BRACK: Lawrenceville’s “Country Club,” Hometown Barbeque, has closed

By Elliott Brack
Editor and Publisher, GwinnettForum

NOV. 24, 2020  |  For about 50 years, residents of Lawrenceville have traveled south a few miles on U.S. Highway 29 to eat at what was sometimes called “the Lawrenceville Country Club.”  Of course, there was no bona fide country club, with golf and tennis, in the area.

This facility was a small restaurant in what was once a Sinclair service station. Among its operators were Hoke Houston, and later on the Crowe family. Stanley Gunter bought it from the Crowes. When the highway was four-laned, Gunter moved it slightly north and opened what has been Hometown Barbeque. 

Kelly

In 2004, Gunter sold Hometown Barbeque to Martha Kelly, 72, and George Richbourg, 70, good friends and partners, who both feel now is the time to retire. Hometown Barbeque’s last day of operation was Saturday (November 21). 

What eventually became the Kelly-Rickbourg operation started in 1999 out of a concession trailer in the parking lot of The Prescription Shop in Lawrenceville. Richbourg, Martha’s late husband and another person served barbecue and other sandwiches on Fridays and Saturdays.  Martha recalls: “They did that for five years, enjoyed it, and found it was fun and a good way to meet people.”  

Richbourg

During that time, George’s daytime job was as a finance executive for Kubota Tractor while Martha was teaching fourth and fifth grade at Benefield Elementary School. Martha had met George through his involvement with the school and its PTA after George moved to the area in the early 80s. Meanwhile, Martha’s husband, a chef, and the other partner got out of the business. Eventually Martha and George both left their regular jobs, became partners full time on Labor Day weekend in 2004, and bought the former Gunter’s operation. They have been serving  at the location ever since.  They began  perfecting their barbecue and offerings, working nights and weekends to get their restaurant off the ground.

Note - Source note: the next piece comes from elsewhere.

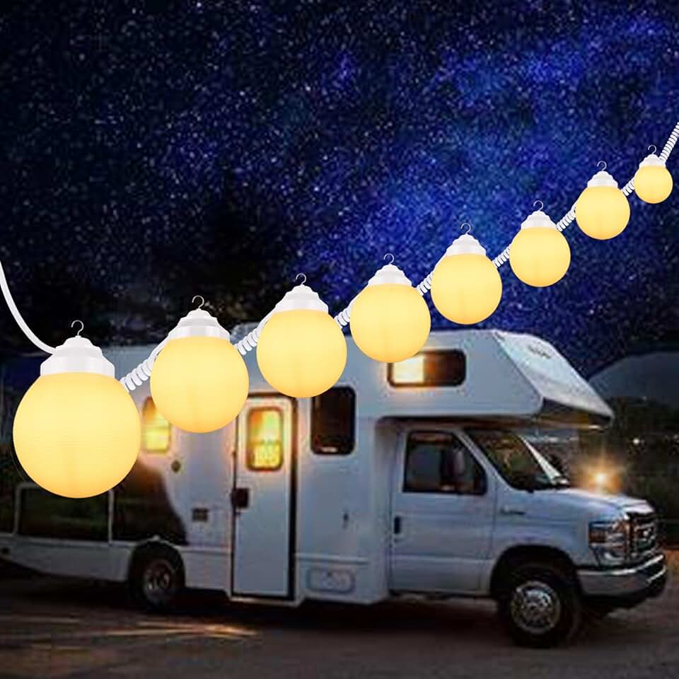 30.5FT RV Globe Awning Lights - White Outdoor Patio String Lights - 8pcs 6in Diameter Acrylic Sunset Awning Lights with 6W A60 Filament LED Glass Bulbs (2700K, Warm White)

And now both are retiring.  Martha told us: “I’m just going to take it easy, and not feel tied down. I’ll clean out my house, do some traveling perhaps, and enjoy life.” Richbourg, too, is ready to settle into full time retirement. Martha is a native of North Carolina, and a graduate of the University of Florida.

Our best to these two hard workers in their retirement.

* * * * *

Hometown Barbeque for years was the regular meeting site for a group of Lawrenceville “good old boys,” who gathered there for lunch each Thursday and Saturday at noon to enjoy one another’s company. Martha called them the Lunch Bunch, and it included many politicians, attorneys, bankers, a few elected officials—all men—- just to chew the fat. Wayne Mason points out that at the end most of the group sat at a Republican table, and three or four Democrats usually sat at another table. 

Bill Atkinson, a regular at the Thursday and Saturday lunches, recalls that there was another person who had first bought the eatery Houston operated. Bill says: “That was Charles Moore, but after two weeks, he sold to the Crowes, saying that running a restaurant was too much work.”